Learning to validate yourself, to take care of yourself, as you show your partner who you really are, frees you from needing constant validation and agreement. The more important your partner becomes to you, the harder it also becomes for you to stand your own ground.

Becoming more uniquely yourself by maintaining yourself with those you love and that are important to you, is a process than unfolds over time of many trials.

American psychotherapist David Schnarch refers to it as “differentiation”. “Differentiation is the process by which we become more uniquely ourselves by maintaining ourselves in relationship with those we love.” (Passionate Marriage, p. 51)

If “I need to get away from you to be myself” is not differentiation, but a sign of fusion. It’s a reaction of being too close and not having a sense of choice about it. When we are fused (like Siamese twins) on an emotional level, we may experience security and connection, at the same time we feel anxiety. Our sense of identity is dependent on how the other views us. As we are not able to soothe ourselves, we expect our partner to constantly shield and protect us from anxiety and insecurity; by demanding reassurance; by feeling very threatened with changes in our partner; by needing to control the other. This leads to draining each other. Overfed plants end up drained.
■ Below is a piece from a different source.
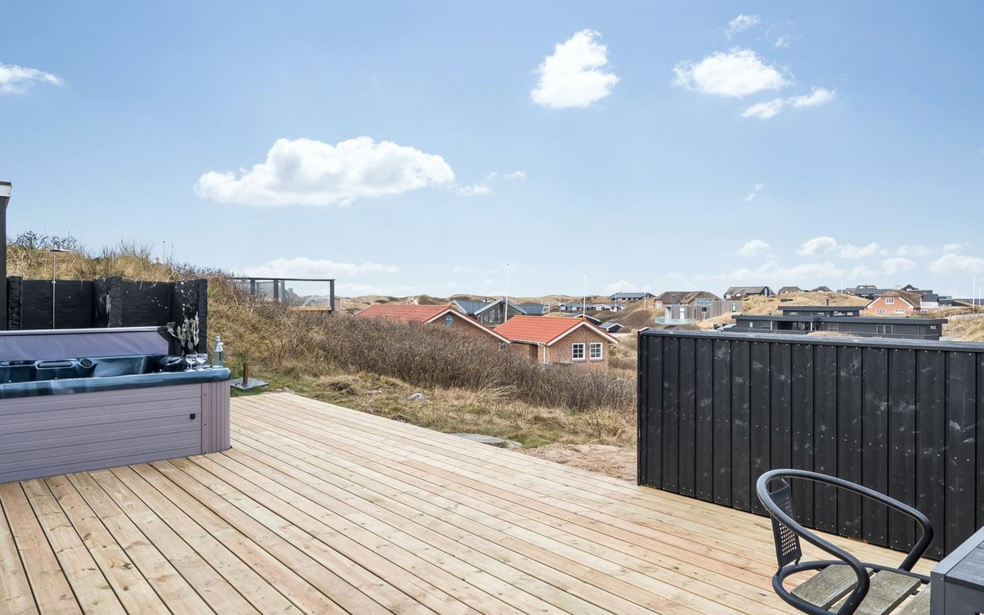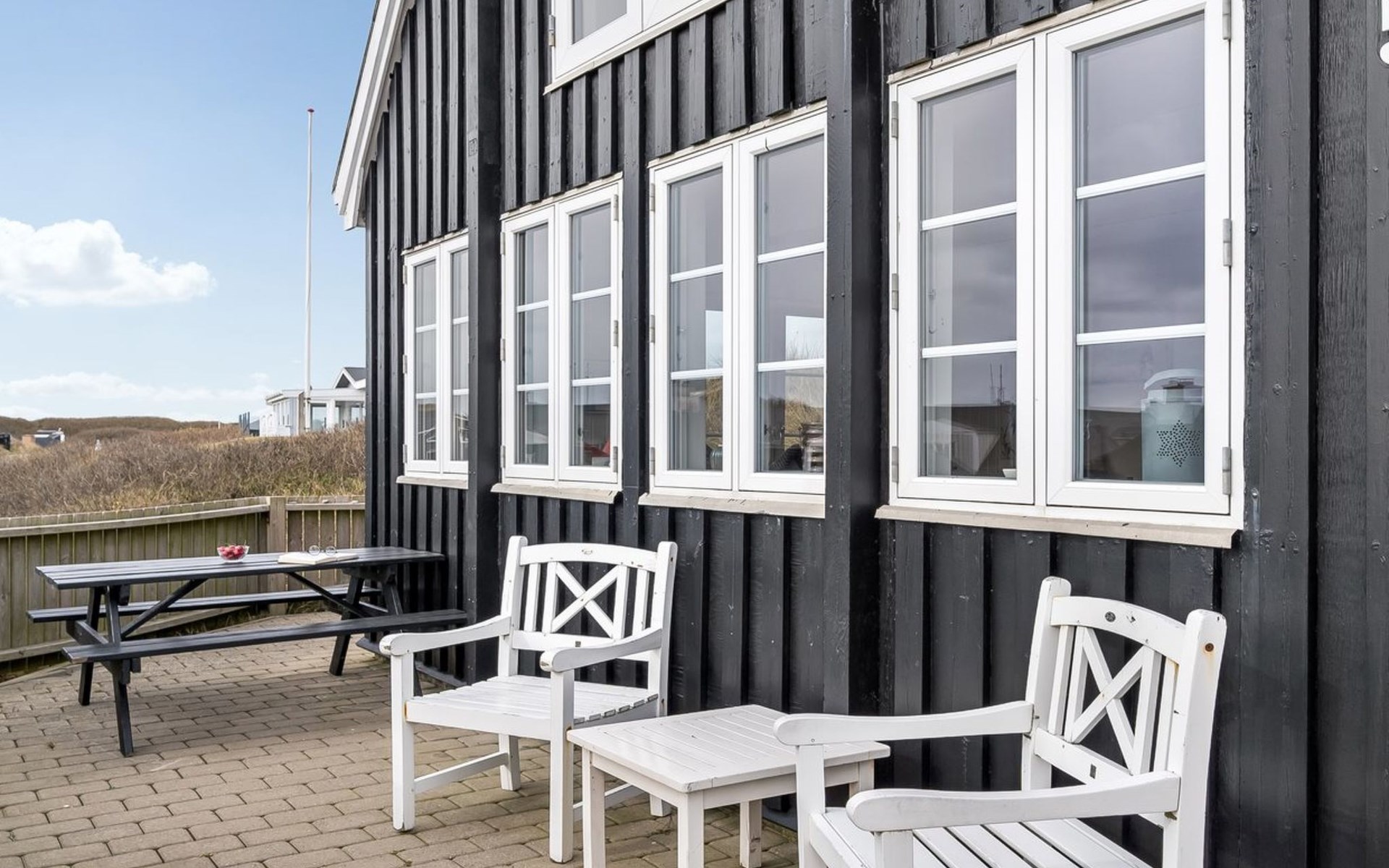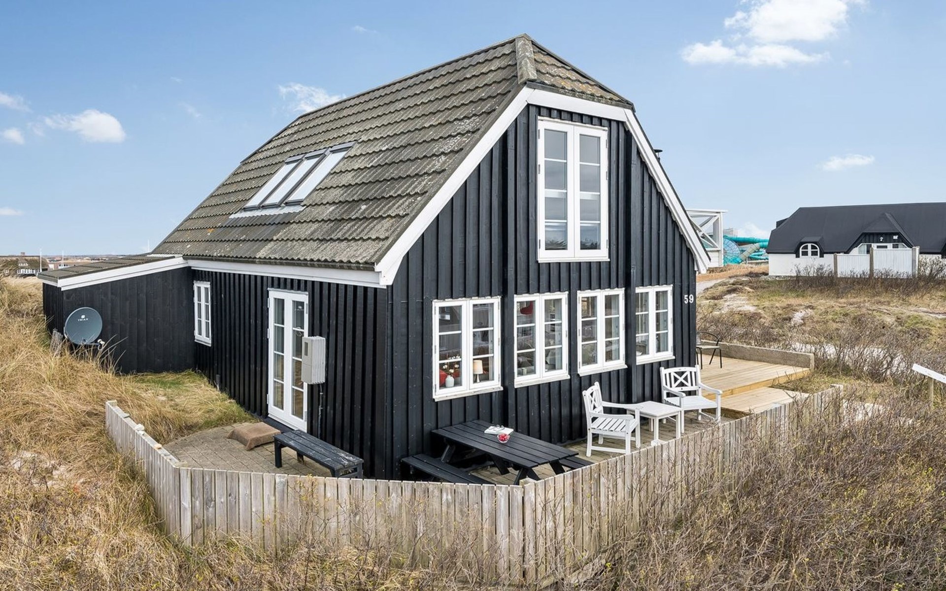 Einfamilienhaus, Baujahr 1940. 250 m vom Meer. Zur Alleinbenutzung: naturbelassenes Grundstück 1'040 m2. Aussendusche. Im Hause: Sauna, Waschmaschine. Parkplatz beim Haus. Lebensmittelgeschäft 100 m. Golfplatz 1 km. Der Besitzer akzeptiert keine Jugendgruppen.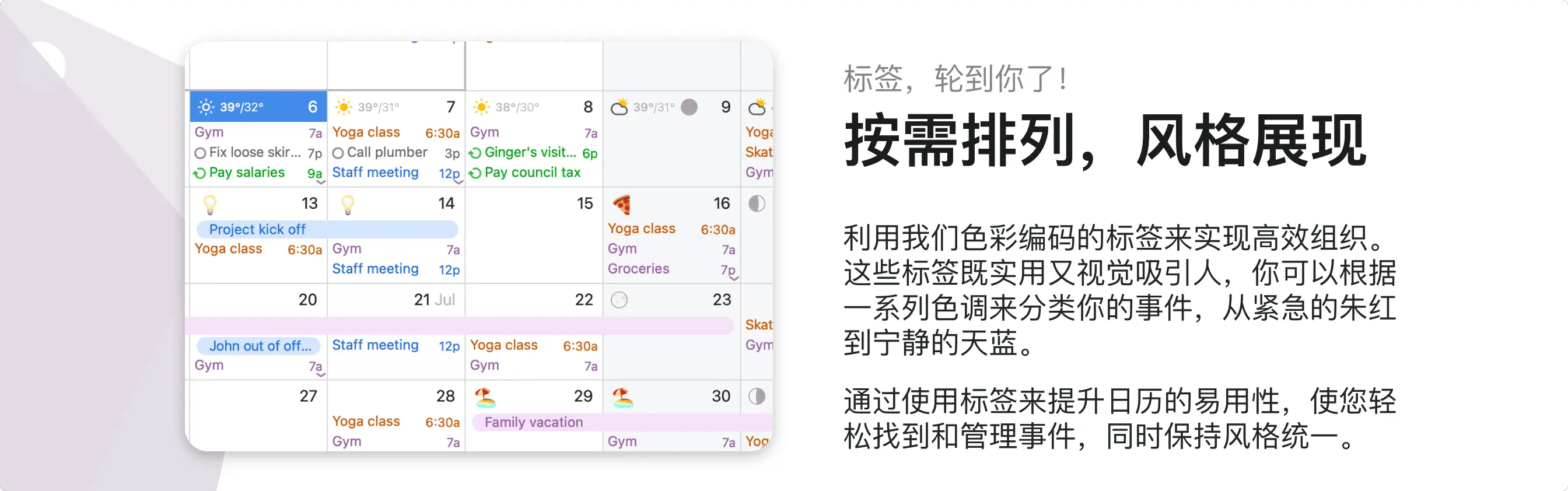同时接管 iCloud、Exchange、Google Calendar、CalDAV 等账户数据,多日历层叠视图让复杂日程一目了然

The flame of eroticism requires breathing space in the same way as the roots of a plant. The wish to merge is natural for lovers. The mystery of two people becoming one is a blissful and deeply spiritual experience. Yet it is not a state we can stay in. We naturally move in and out of sink. When we are fused, we fall apart when we are out of sink or alone, or we easily feel trapped and keep “a back door open” unable to connect intimately. We tend to feel manipulated and rigidly hold on to our own beliefs in fear of losing our identity. When you are fused, it’s hard to have a sense of mutuality which means to focus on your own self development while being concerned with your partners well-being. Differentiation is about “getting closer and more distinct – rather than more distant” (p. 74). Resolving your problem in your relationship puts you on trial. Here you develop the qualities that you need to live in a genuinely intimate and exciting relationship.